* **EXERCISE REQUIREMENTS**: Return the lines of the listing below exactly as they appear, beginning at the one with "говорится в сообщении." and stopping after the one with "盒子的右侧 ,有各种标记,代表产品的特色,包括有ASUS AURA"; do not include pictures.

* **PROVIDED ENTRIES**:
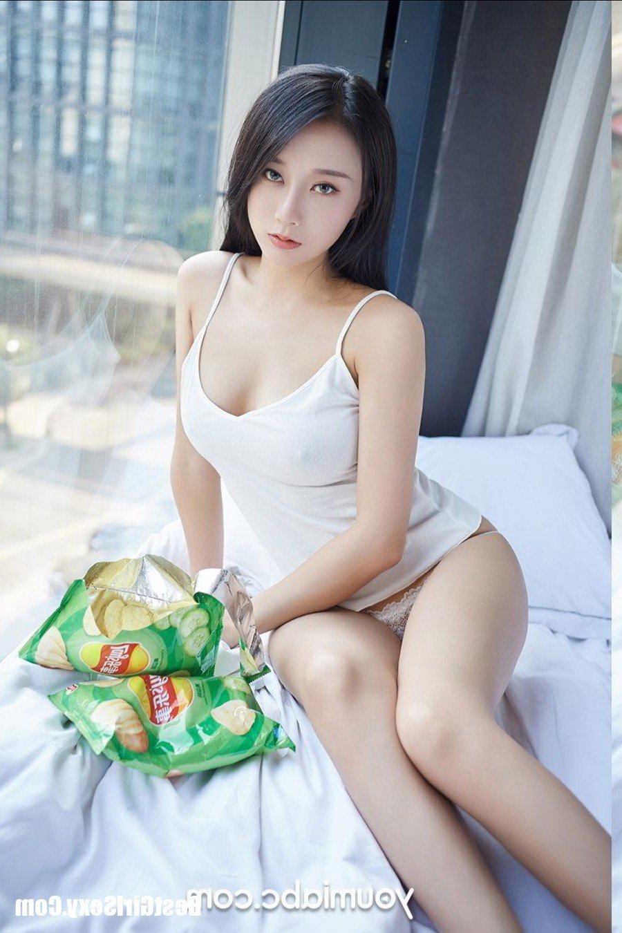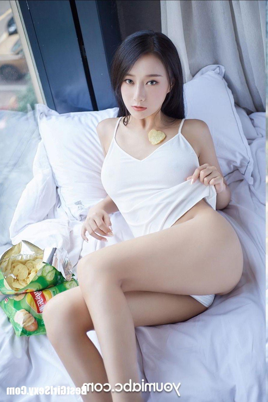 This image features model Youmei Vol.153 He Jia Ying in a captivating and relaxed moment. The beautiful girl is seated on a bed wearing pristine white lingerie that highlights her alluring figure and smooth skin. Her gentle gaze and soft smile create an irresistible charm. The scene of her enjoying potato chips portrays a casual intimate everyday moment yet it still exudes the captivating appeal of a hot home lady. This natural unpretentious beauty is enough to mesmerize showcasing her comfort and self assurance in her own home. The He Jia Ying photo collection not only delivers high quality images but also depicts a modern attractive and vibrant young woman. Discover the enchanting beauty of He Jia Ying in her private space filled with sweetness and allure.
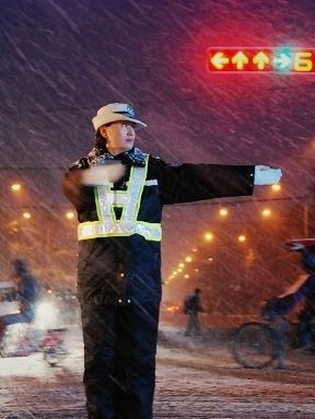 11日17时,下班高峰期,“警花”在中华路女子岗正在冒雪执勤
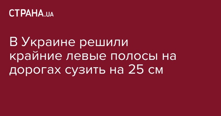 "Сужение ширины полос движения на дорогах - очень удачная практика для повышения безопасности, которая работает во многих странах Европы и мира. Поэтому мы решили ввести ее во время нового строительства крупнейших и самых интенсивных украинских трасс при устройстве левых скоростных полос", - говорится в сообщении.
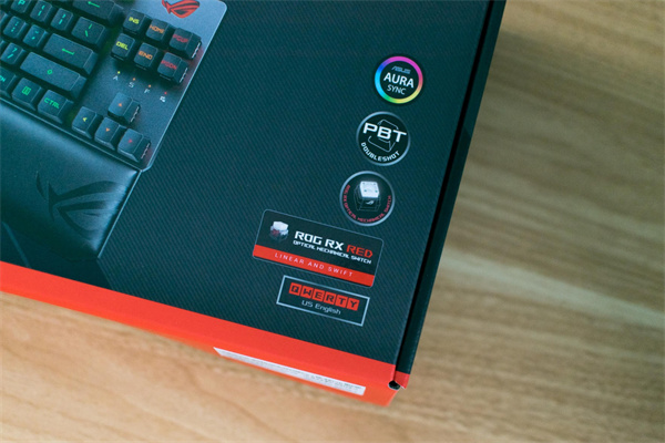 盒子的右侧 ,有各种标记,代表产品的特色,包括有ASUS AURA SYNC,支持ASUS全局彩光同步;PBT DOUBLESHOT,双色PBT注塑键帽等等。
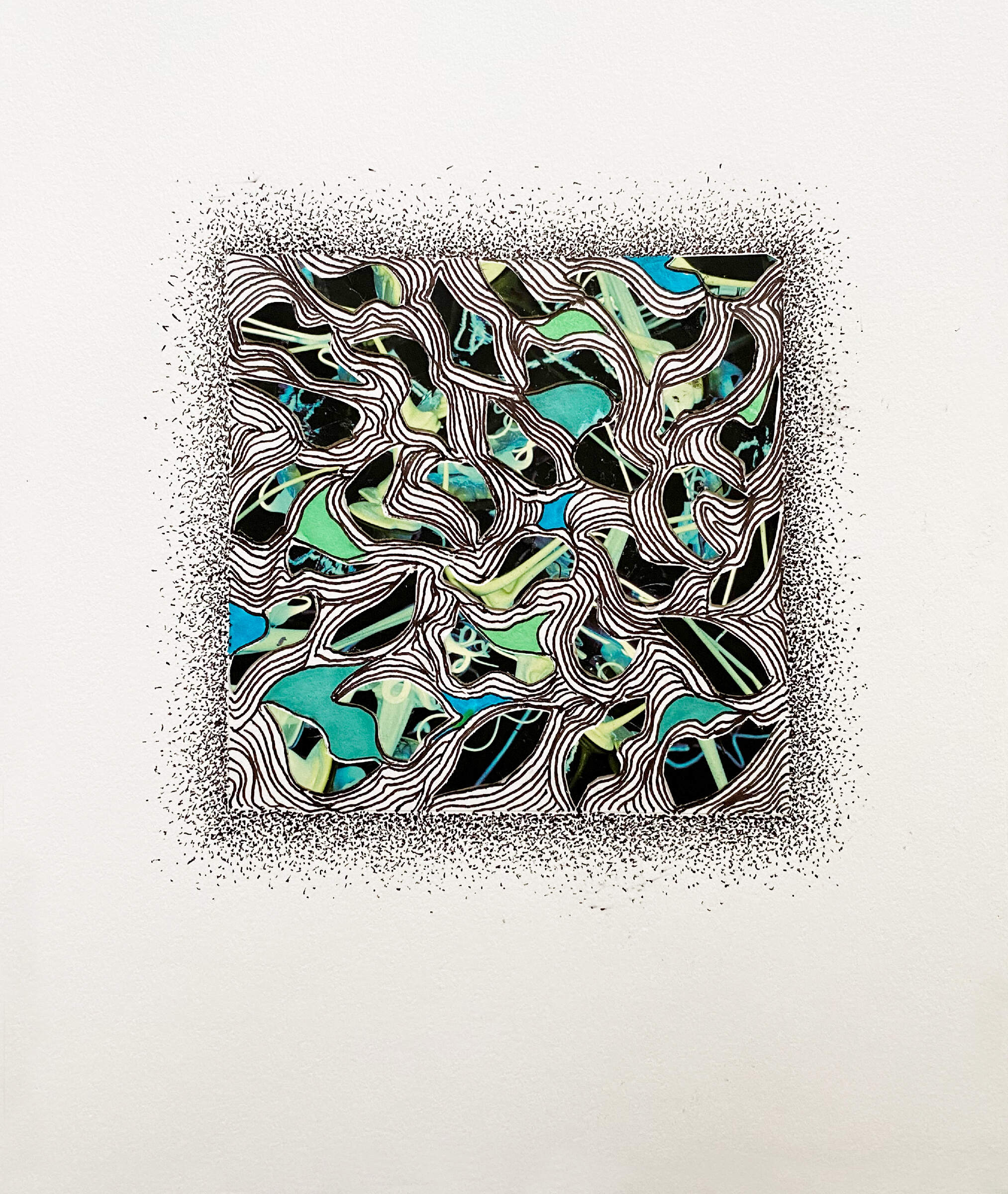 Selected mixed media images from 60 page Fabriano sketchbook inspired by forms and phenomena found in nature.
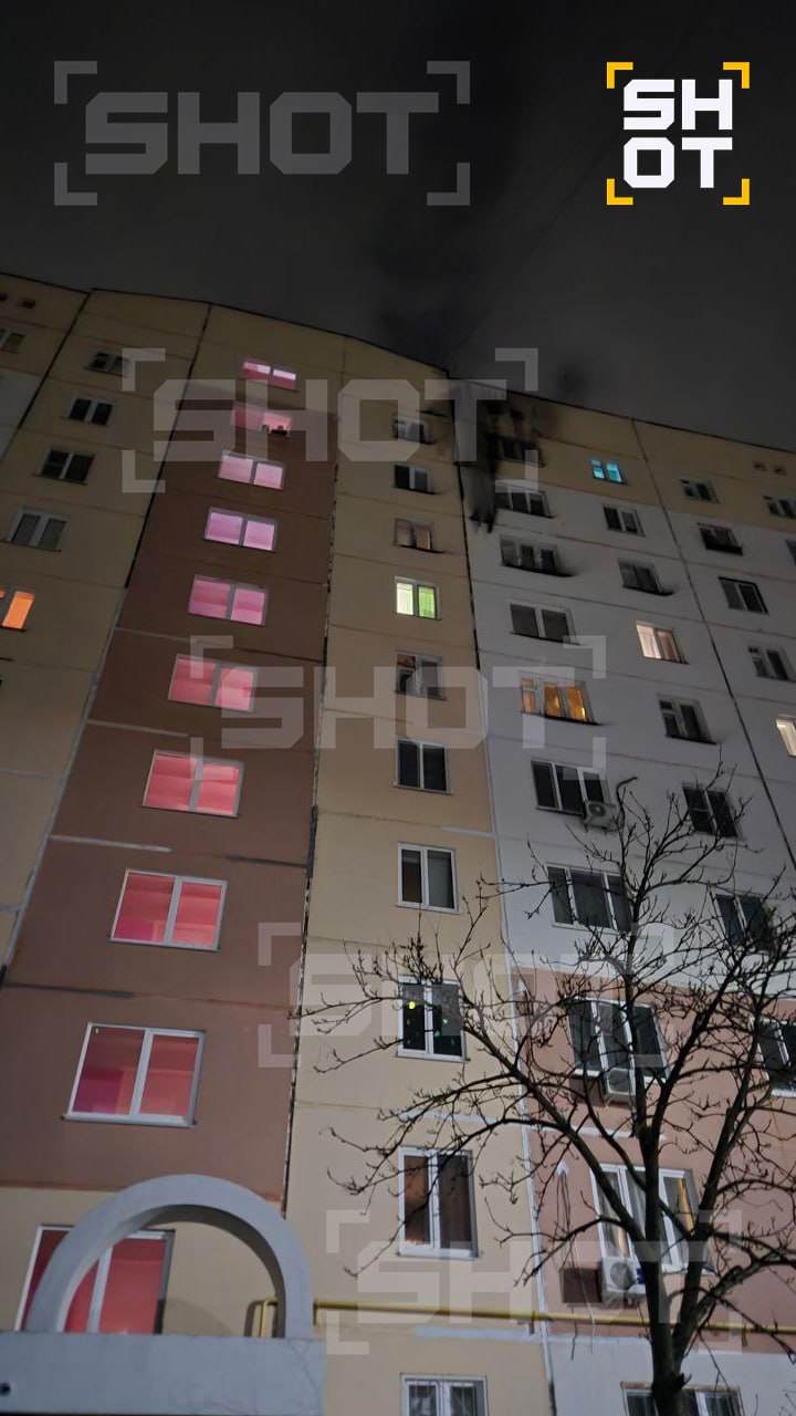 Украинский дрон врезался в жилой дом на улице Бородинской в Смоленске. Начался сильный пожар. На фасаде видна копоть — полыхал бензин после столкновения.

* **OUTPUT**:
 "Сужение ширины полос движения на дорогах - очень удачная практика для повышения безопасности, которая работает во многих странах Европы и мира. Поэтому мы решили ввести ее во время нового строительства крупнейших и самых интенсивных украинских трасс при устройстве левых скоростных полос", - говорится в сообщении.
 盒子的右侧 ,有各种标记,代表产品的特色,包括有ASUS AURA SYNC,支持ASUS全局彩光同步;PBT DOUBLESHOT,双色PBT注塑键帽等等。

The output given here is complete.